• Raw data:
════════════════════
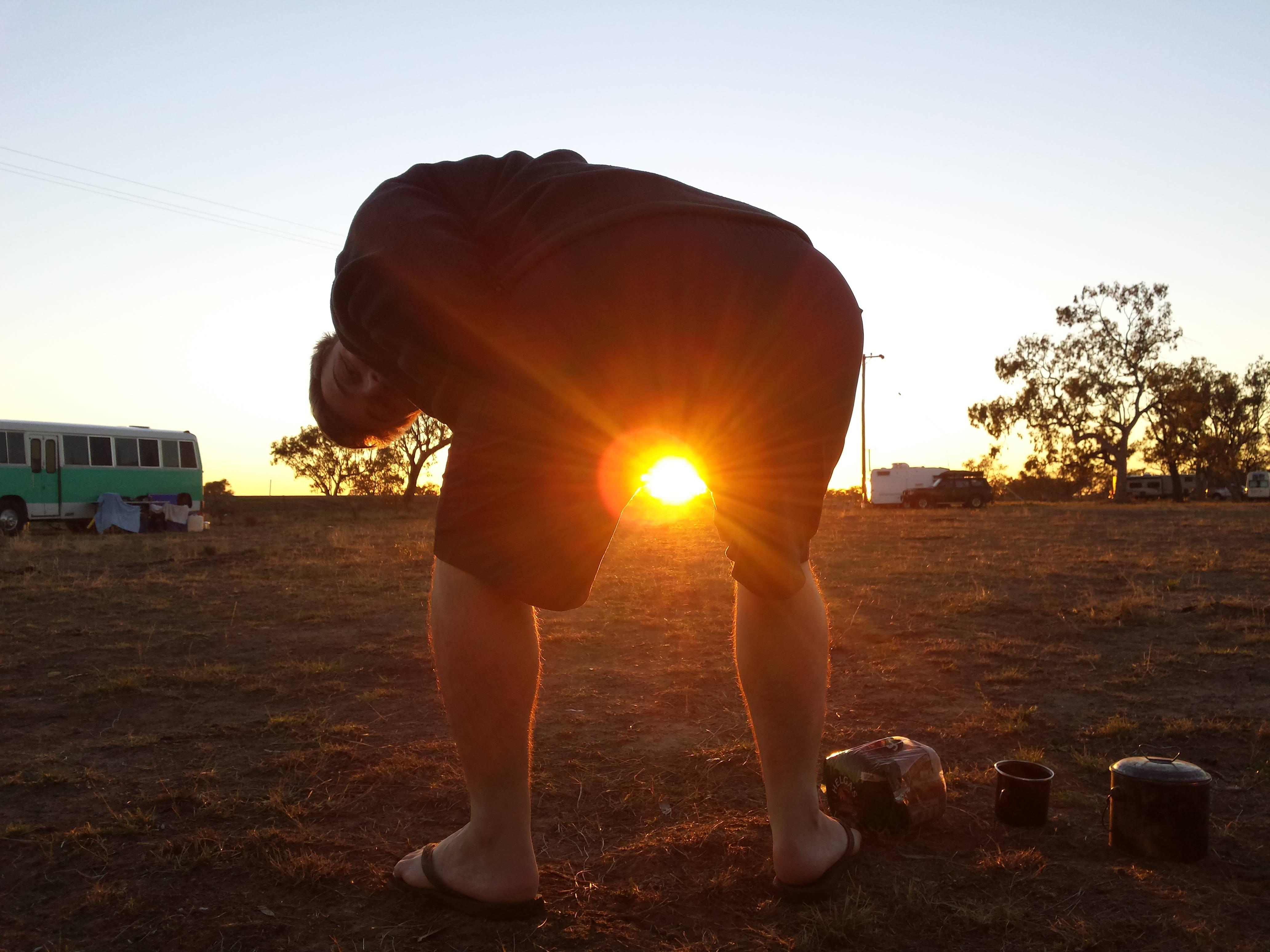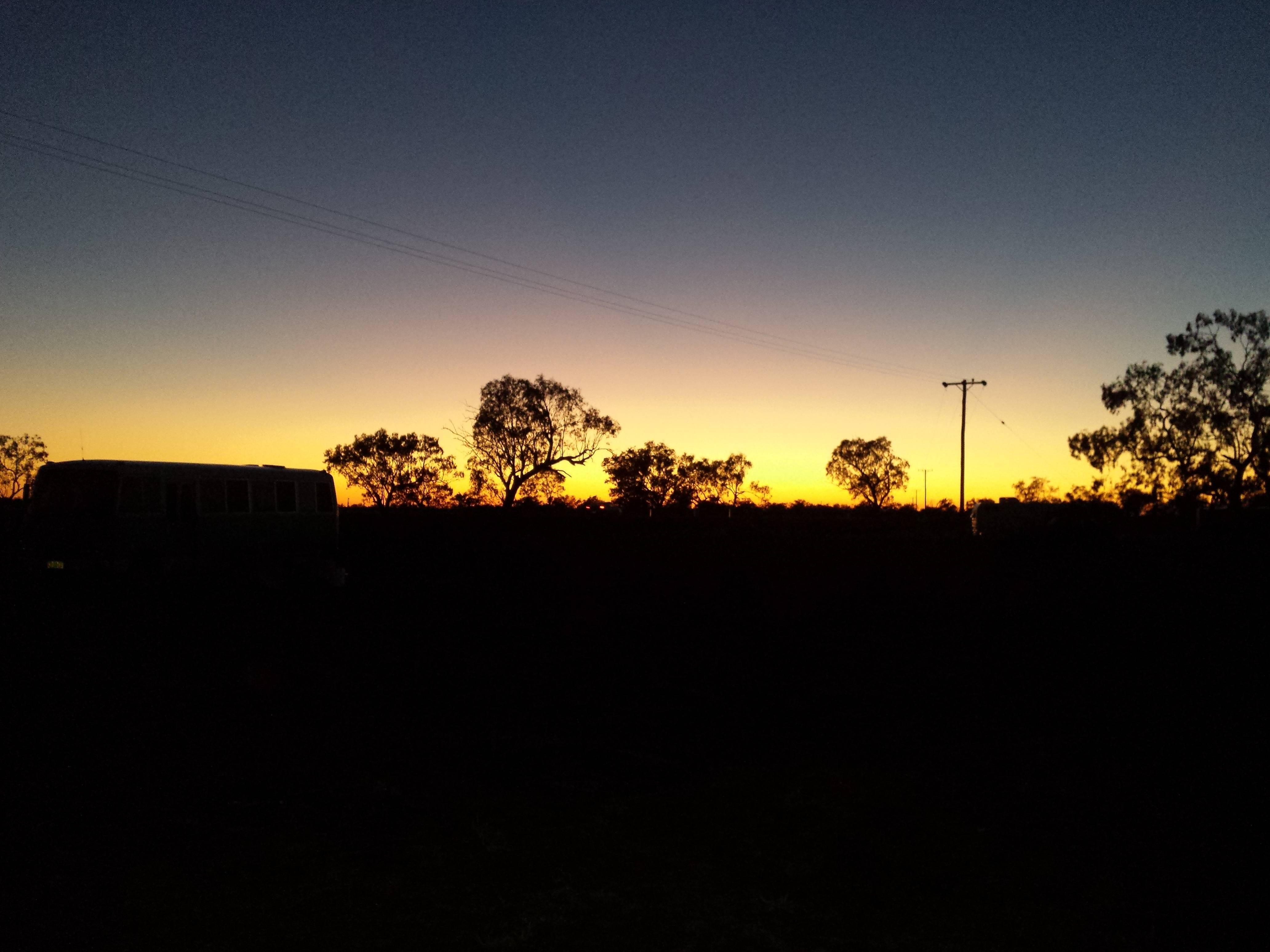 Got an early start at Pilliga, mainly due to being a bit cold the night before- there was plenty of wind and temps dropped to about 5 celsius. I woke up and made the obligatory instant coffee and toast while watching the sun rise. I watched the stars fade, and the purples, oranges and reds appear in the sky.
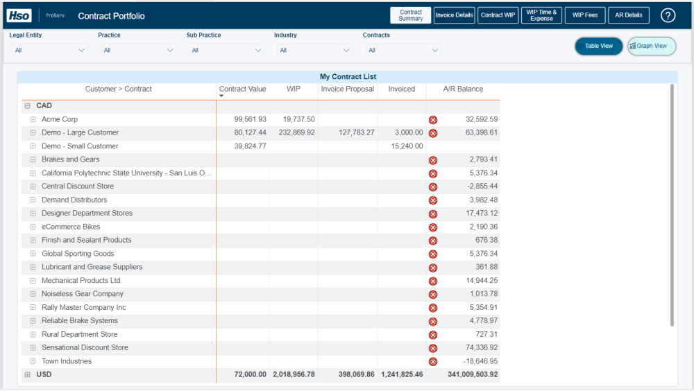 Table view of Contract Portfolio has detailed information of the contract list showing KPIs such as Contract value, Invoiced and AR balance.
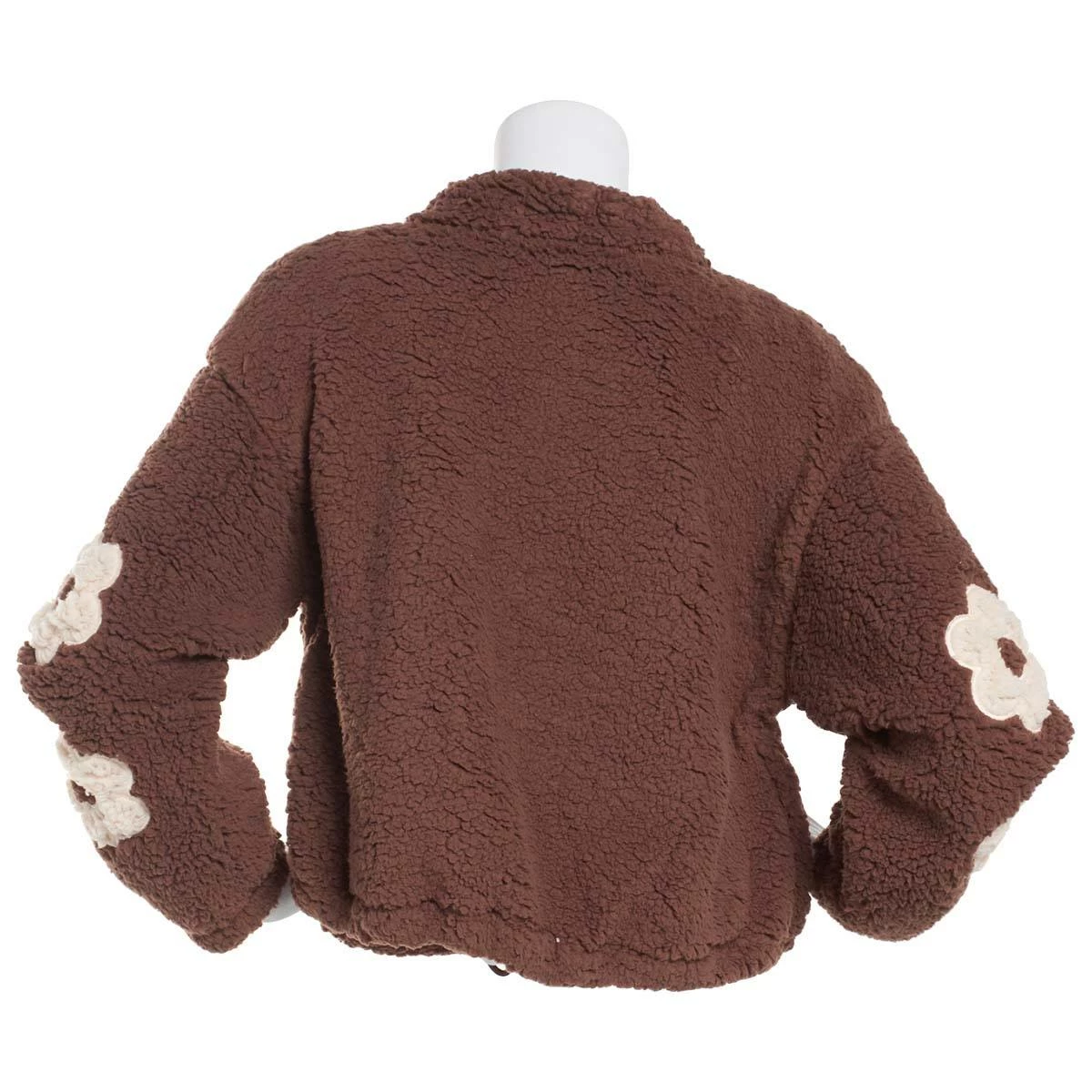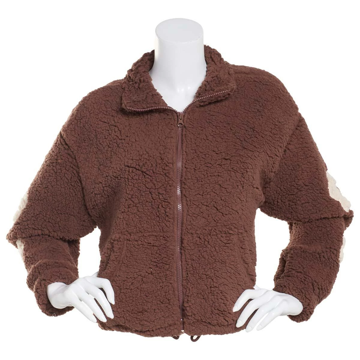 Cuddle up wearing this Juniors Almost Famous™ zip up Sherpa applique sleeve jacket that features a zipper front and long sleeves and pockets.
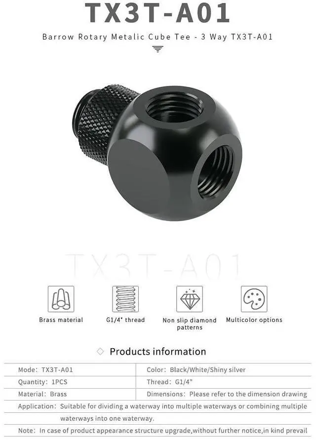 Barrow G1/4" 3-way Ball Fitting, Rotary, BlackFemale G1/4
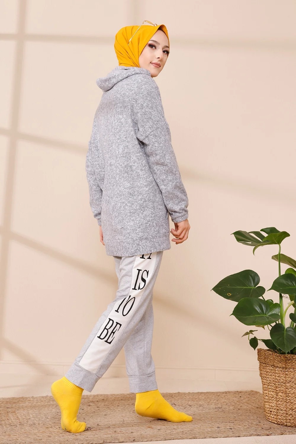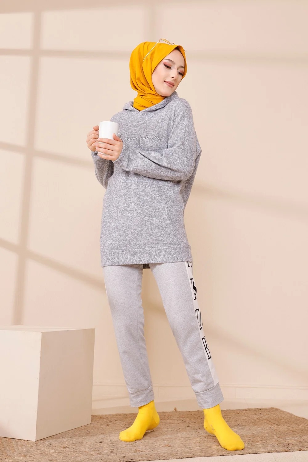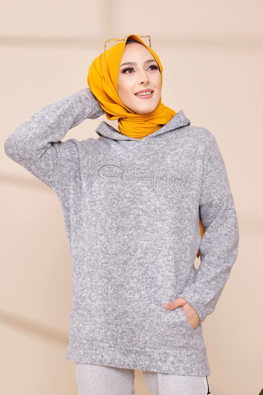 Tunique type sweat long à capuche (Vêtement de tous les jours pour Hijab) - Couleur gris clair - REF. 35429 (22.00 €) - En Promotion à 16.90 €
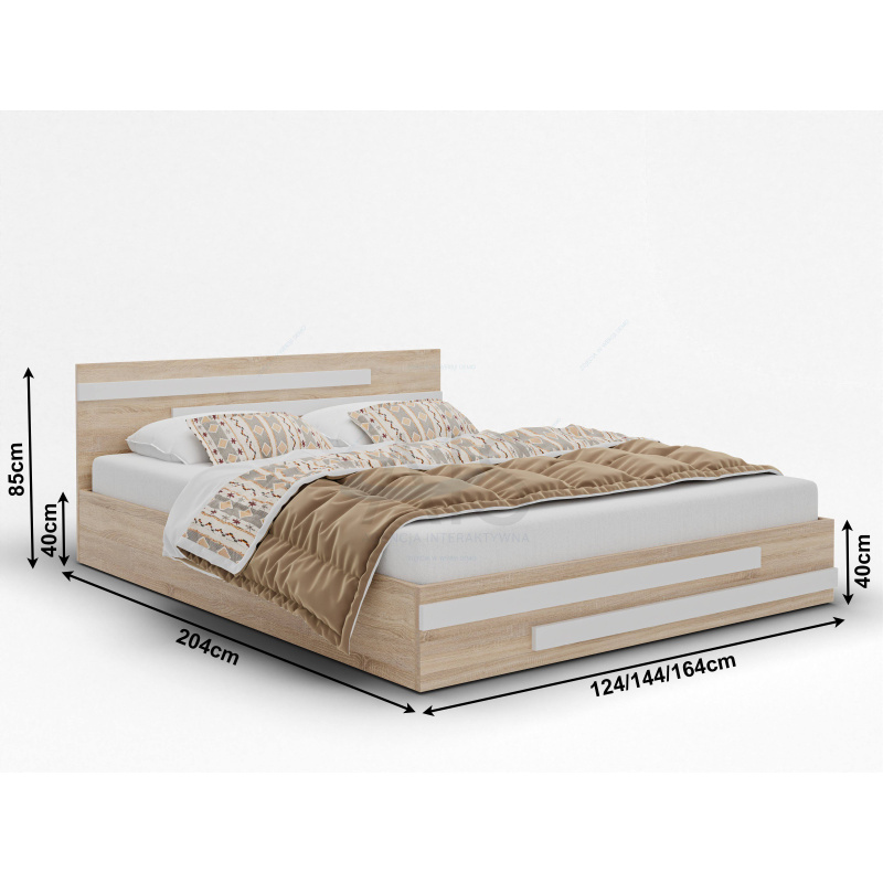 Minimalistyczne łóżko 140x200 z pojemnikiem – Dąb Sonoma / Białe akcenty
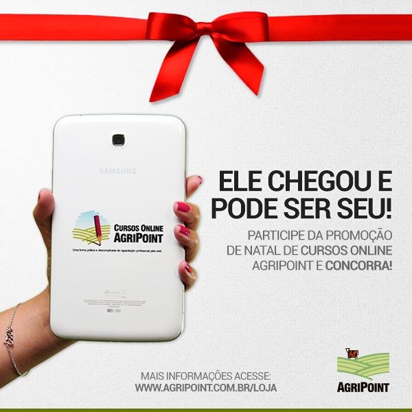 Aproveite as últimas semanas de 2013 para participar da promoção que vai sortear um Tablet Samsung Galaxy TAB 3 T2100, com todos os aplicativos da AgriPoint já instalados! Com os aplicativos é possível ter acesso às últimas notícias disponibilizadas nos portais AgriPoint, na palma da mão.
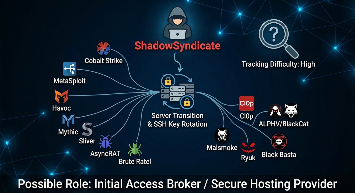 ShadowSyndicate กลุ่มกิจกรรมมุ่งร้ายที่ถูกระบุครั้งแรกในปี 2022 ได้พัฒนาเทคนิคการจัดการโครงสร้างพื้นฐานโดยใช้การเปลี่ยนเซิร์ฟเวอร์ (server transition) ซึ่งช่วยให้ผู้คุกคามสามารถหมุนเวียน SSH keys ในหลายเซิร์ฟเวอร์ได้ วิธีการใหม่นี้ทำให้ทีมรักษาความปลอดภัยติดตามการปฏิบัติงานของกลุ่มได้ยากขึ้น ซึ่งแตกต่างจากวิธีการเดิมที่ใช้ SSH fingerprint เดียว นอกจากนี้ โครงสร้างพื้นฐานที่ถูกค้นพบใหม่ยังเชื่อมโยงกับการใช้งานเฟรมเวิร์กการโจมตีหลายอย่าง เช่น Cobalt Strike, MetaSploit, Havoc, Mythic, Sliver, AsyncRAT, MeshAgent และ Brute Ratel และมีความเชื่อมโยงกับกลุ่มแรนซัมแวร์อื่น ๆ เช่น Cl0p, ALPHV/BlackCat, Black Basta, Ryuk และ Malsmoke ซึ่งบ่งชี้ว่า ShadowSyndicate อาจทำหน้าที่เป็นผู้จัดหาช่องทางเข้าถึงเบื้องต้น (Initial Access Broker) หรือให้บริการโฮสติ้งที่ปลอดภัยแก่กลุ่มอาชญากรไซเบอร์
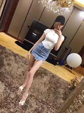 LINA实拍2017夏季新款包身短袖T恤上衣+撕破牛仔裙半身裙套装女装
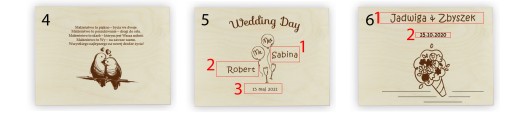 Zachęcamy do przesłania wszystkich informacji bezpośrednio po złożeniu zamówienia w polu "Dodaj wiadomość do Unique_gifts" - okienko tekstowe na dole strony pod opcjami dostawy. Wybranie tej formy komunikacji przyspiesza znacznie czas realizacji zamówienia. Możesz też oczywiście przesłać te informacje mailowo lub w wiadomości zwrotnej do maila ze szczegółami transakcji.
════════════════════
• Task requirements: Transcribe all lines above exactly, skipping pictures.

• Answer section:
 Got an early start at Pilliga, mainly due to being a bit cold the night before- there was plenty of wind and temps dropped to about 5 celsius. I woke up and made the obligatory instant coffee and toast while watching the sun rise. I watched the stars fade, and the purples, oranges and reds appear in the sky.
 Table view of Contract Portfolio has detailed information of the contract list showing KPIs such as Contract value, Invoiced and AR balance.
 Cuddle up wearing this Juniors Almost Famous™ zip up Sherpa applique sleeve jacket that features a zipper front and long sleeves and pockets.
 Barrow G1/4" 3-way Ball Fitting, Rotary, BlackFemale G1/4
 Tunique type sweat long à capuche (Vêtement de tous les jours pour Hijab) - Couleur gris clair - REF. 35429 (22.00 €) - En Promotion à 16.90 €
 Minimalistyczne łóżko 140x200 z pojemnikiem – Dąb Sonoma / Białe akcenty
 Aproveite as últimas semanas de 2013 para participar da promoção que vai sortear um Tablet Samsung Galaxy TAB 3 T2100, com todos os aplicativos da AgriPoint já instalados! Com os aplicativos é possível ter acesso às últimas notícias disponibilizadas nos portais AgriPoint, na palma da mão.
 ShadowSyndicate กลุ่มกิจกรรมมุ่งร้ายที่ถูกระบุครั้งแรกในปี 2022 ได้พัฒนาเทคนิคการจัดการโครงสร้างพื้นฐานโดยใช้การเปลี่ยนเซิร์ฟเวอร์ (server transition) ซึ่งช่วยให้ผู้คุกคามสามารถหมุนเวียน SSH keys ในหลายเซิร์ฟเวอร์ได้ วิธีการใหม่นี้ทำให้ทีมรักษาความปลอดภัยติดตามการปฏิบัติงานของกลุ่มได้ยากขึ้น ซึ่งแตกต่างจากวิธีการเดิมที่ใช้ SSH fingerprint เดียว นอกจากนี้ โครงสร้างพื้นฐานที่ถูกค้นพบใหม่ยังเชื่อมโยงกับการใช้งานเฟรมเวิร์กการโจมตีหลายอย่าง เช่น Cobalt Strike, MetaSploit, Havoc, Mythic, Sliver, AsyncRAT, MeshAgent และ Brute Ratel และมีความเชื่อมโยงกับกลุ่มแรนซัมแวร์อื่น ๆ เช่น Cl0p, ALPHV/BlackCat, Black Basta, Ryuk และ Malsmoke ซึ่งบ่งชี้ว่า ShadowSyndicate อาจทำหน้าที่เป็นผู้จัดหาช่องทางเข้าถึงเบื้องต้น (Initial Access Broker) หรือให้บริการโฮสติ้งที่ปลอดภัยแก่กลุ่มอาชญากรไซเบอร์
 LINA实拍2017夏季新款包身短袖T恤上衣+撕破牛仔裙半身裙套装女装
 Zachęcamy do przesłania wszystkich informacji bezpośrednio po złożeniu zamówienia w polu "Dodaj wiadomość do Unique_gifts" - okienko tekstowe na dole strony pod opcjami dostawy. Wybranie tej formy komunikacji przyspiesza znacznie czas realizacji zamówienia. Możesz też oczywiście przesłać te informacje mailowo lub w wiadomości zwrotnej do maila ze szczegółami transakcji.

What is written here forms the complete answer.